Paerl’s team is evaluating a variety of algae mitigation and control strategies, including artificial mixing and enhanced freshwater flushing of impacted lakes and reservoirs, as well as the use of algaecides, flocculants and sonic treatments to arrest blooms.
“It should be noted,” he said, “that no matter what types of physical or chemical treatments we use to mitigate blooms, they should be accompanied by nutrient input reductions.”
Ohio research
To assemble their forecast for Lake Erie, Ohio State researchers selected a series of climate model outputs from the Intergovernmental Panel on Climate Change’s Fifth Climate Change Assessment and coupled them with watershed and bloom prediction models, combining variables like stream flow, rainfall, and temperature with landscape topology, soil types, cropping practices and drainage management. Richard Stumpf at the National Oceanic and Atmospheric Administration’s National Centers for Coastal and Ocean Science led the development of the bloom prediction model.
Currently, Martin and Aloysius are working with Ohio State University Extension, the School of Environment and Natural Resources and the School of Communication to get a clearer picture of how stakeholders’ anticipate the Maumee Watershed ought to be managed. Then they will incorporate these stewardship plans into the models. Ultimately, the researchers want to identify farming or water management practices that reduce nutrient runoff without adversely affecting agricultural production.

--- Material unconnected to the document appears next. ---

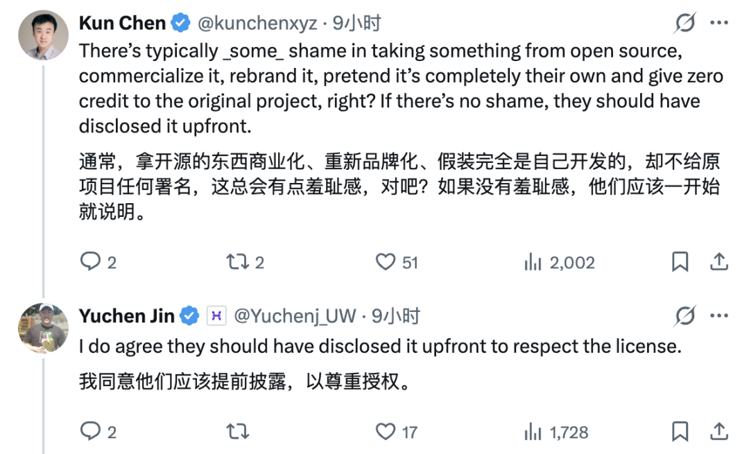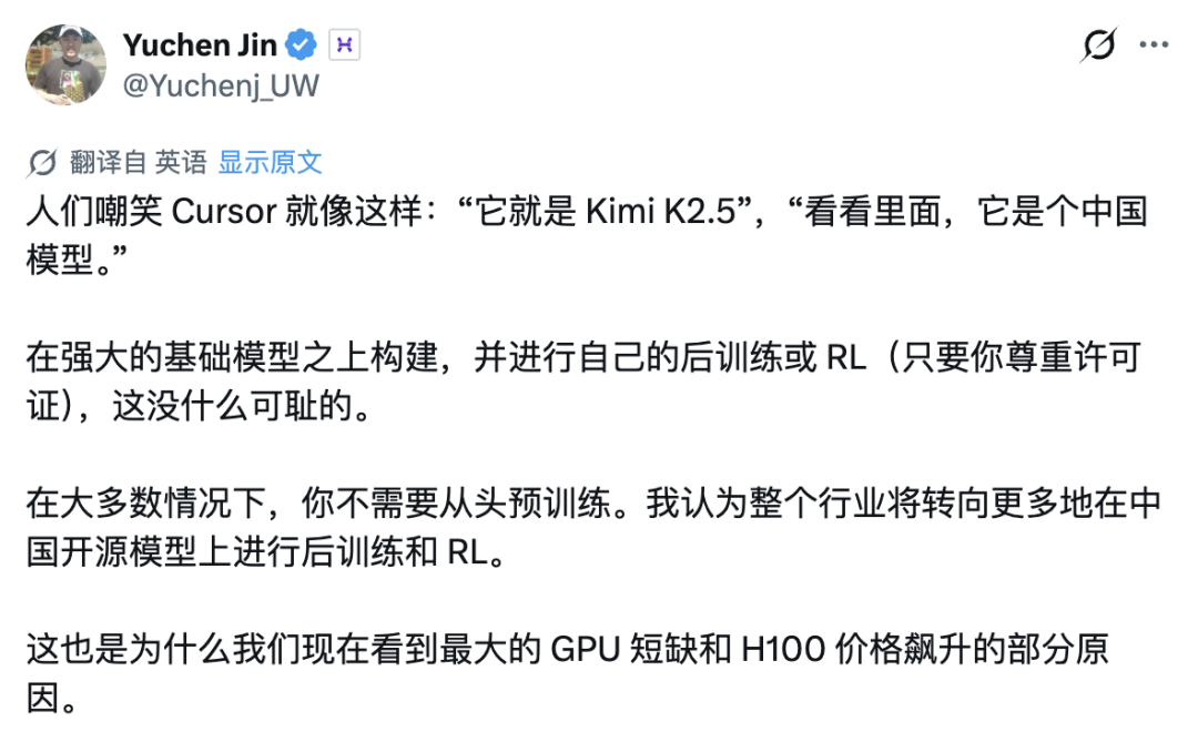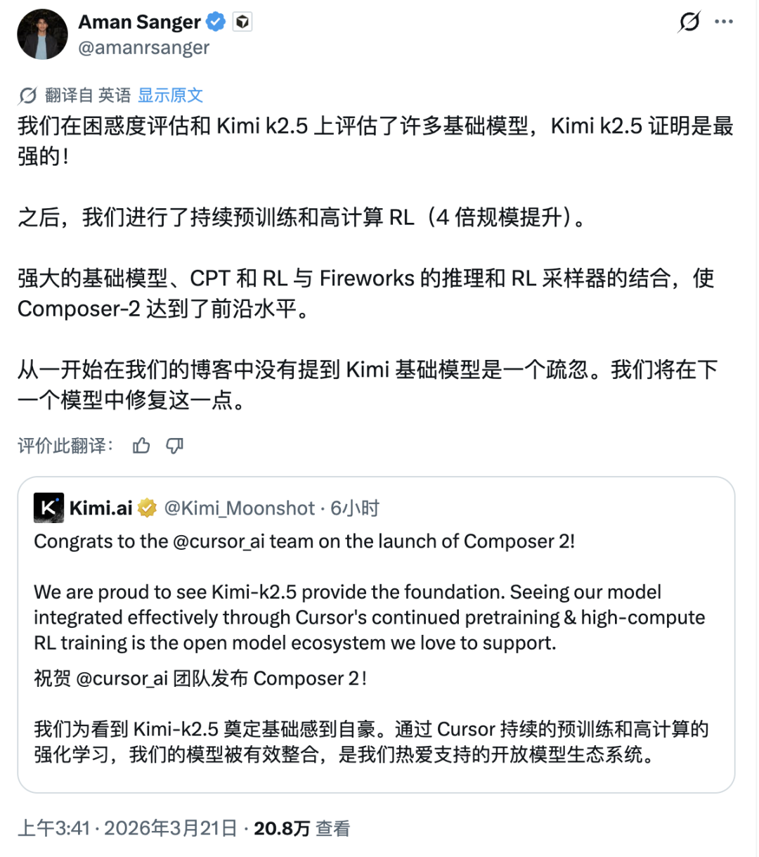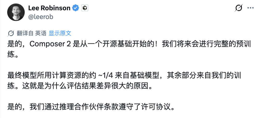 更关键的是,定价每百万 token 仅 0.50 美元,比 Claude Opus 4.6 便宜整整 10 倍。又强又便宜,全网程序员都在高呼 Cursor 已经进化成了完全体。结果没过 24 小时,一个叫 Fynn 的网友在 Cursor 里翻 API 配置时,翻出了一串模型 ID:accounts/anysphere/models/kimi-k2p5-rl-0317-s515-fast,发现这个所谓的自研模型其实是「带 RL 的 Kimi K2.5」。截图一发,评论区沸腾了。马斯克也现身评论区默默补刀:「Yeah, it's Kimi 2.5」。有趣的是,针对马斯克的评论,kimi 今天也在中国社交媒体上表示感谢并回复马斯克:「听说我,谢谢你,因为有你」。而 Moonshot(月之暗面) AI 预训练负责人 Yulun Du 也下场验证 X 网友 Fynn 的说法。他对 Composer 2 做了 tokenizer 测试,发现其与 Kimi 高度吻合,随即 @ 了 Cursor 联合创始人 Michael Truell,公开追问为何没有在发布时披露基座来源,以及是否履行了相关授权义务。另有两名月之暗面员工相继发帖佐证,但现三人已删帖。这里有个背景值得交代。Kimi K2.5 采用的是一套附加商业条款的开源许可证,核心约束是:凡基于该模型构建的商业产品,一旦月活突破 1 亿或月收入超过 2000 万美元,就必须在产品界面显著位置标注模型来源。Kimi K2.5 Github 地址:https://github.com/MoonshotAI/Kimi-K2.5?tab=readme-ov-file而根据彭博社最新消息,Cursor 正与投资者洽谈新一轮融资,估值可能达到 500 亿美元,较去年秋季几乎翻倍,年化收入已突破 20 亿美元,约六成来自大型企业客户。这条条款的适用性,自然成了外界关注的焦点。眼看纸包不住火,Cursor 的高管们开始排队出来「认错」。今天凌晨,Cursor AI 教育负责人 Lee Robinson 发文承认,一开始没提 Kimi 基座「确实是个疏忽」,并强调使用已通过推理合作伙伴 Fireworks 获得了合规授权。Cursor AI 创始人 Aman Sanger 随后补充技术细节:他们评估了大量基座模型,Kimi k2.5 在基准评测结果 perplexity-based evals 里跑分最强,因此选定它作为起点。在此之上做了持续预训练和 4 倍规模的强化学习,最终模型里只有约四分之一的计算量来自 Kimi 基座。值得一提的是,Cursor 一直被外界诟病没有自己的基础模型,核心能力高度依赖 Gemini 等第三方模型,而这些第三方模型恰恰也是它最直接的竞争对手,这意味着 Cursor 在定价、性能和利润上都受制于人。且由于没有自己的预训练团队和算力储备,从零起步的成本和周期都难以承受,借力一个性能强、许可证开放的开源模型,某种程度上也是在现有条件下最快跑通闭环的路径。关于这场风波,目前也有了比较体面的定论。Kimi 官方账号刚刚也在 X 平台发帖确认,Cursor 通过推理平台 Fireworks 以授权商业合作的形式接入,使用完全合规。而风波的核心最终落在信息透明度上,而非版权违规。有网友替 Cursor 说话:在强基座上做预训练和 RL 本就是行业惯例,整个行业都在往这个方向走,这也是当下 GPU 严重短缺、H100 价格飙升的原因之一。但也有人发声质疑。一家估值 500 亿美元、年化收入破 20 亿的硅谷明星公司,在最高光的发布时刻,对模型基座来源只字不提,这种「被抓包才承认」的做法,吃相实在太难看。许可证合规与否,尚且可以事后厘清;但用户的信任,是另一回事。开源生态的运转,靠的正是这种你用了我的、就要说清楚的基本默契。还是网友懂玩梗,🔗 https://x.com/Rock4754/status/2035075231468134761今天是 Kimi,明天可能是别人,如果每家公司都选择性地披露信息,开源的根基就会慢慢被蚕食。Lee Robinson 也最终表态:未来模型会做完整预训练,发布时也会从一开始注明基座信息。抛开这场风波本身,一家估值 500 亿美元的硅谷明星公司,在最需要拿出硬核技术证明自己的时刻,选择的基座是一个来自中国的开源模型。这对 Kimi 而言,是一次比任何发布会都有说服力的背书。也是在本周,日企乐天 (Rakuten) 发布了最新的「自研大模型」Rukuten AI 3.0 。结果 Hugging Face 上,该模型赫然在自己的配置文件里面写着架构来自 DeepSeek V3。

“Farmers need to be very efficient to make a living,” Aloysius said. “If we can help them use less fertilizer, that represents a cost savings, but if the solution involves applying fertilizer in a way that keeps tractors running longer, then they’re buying more fossil fuel. So we need to balance financial and environmental costs.”
Field to Faucet is funded by the College of Food, Agricultural, and Environmental Sciences, which launched the program in response to the 2014 toxic algae problem in Toledo.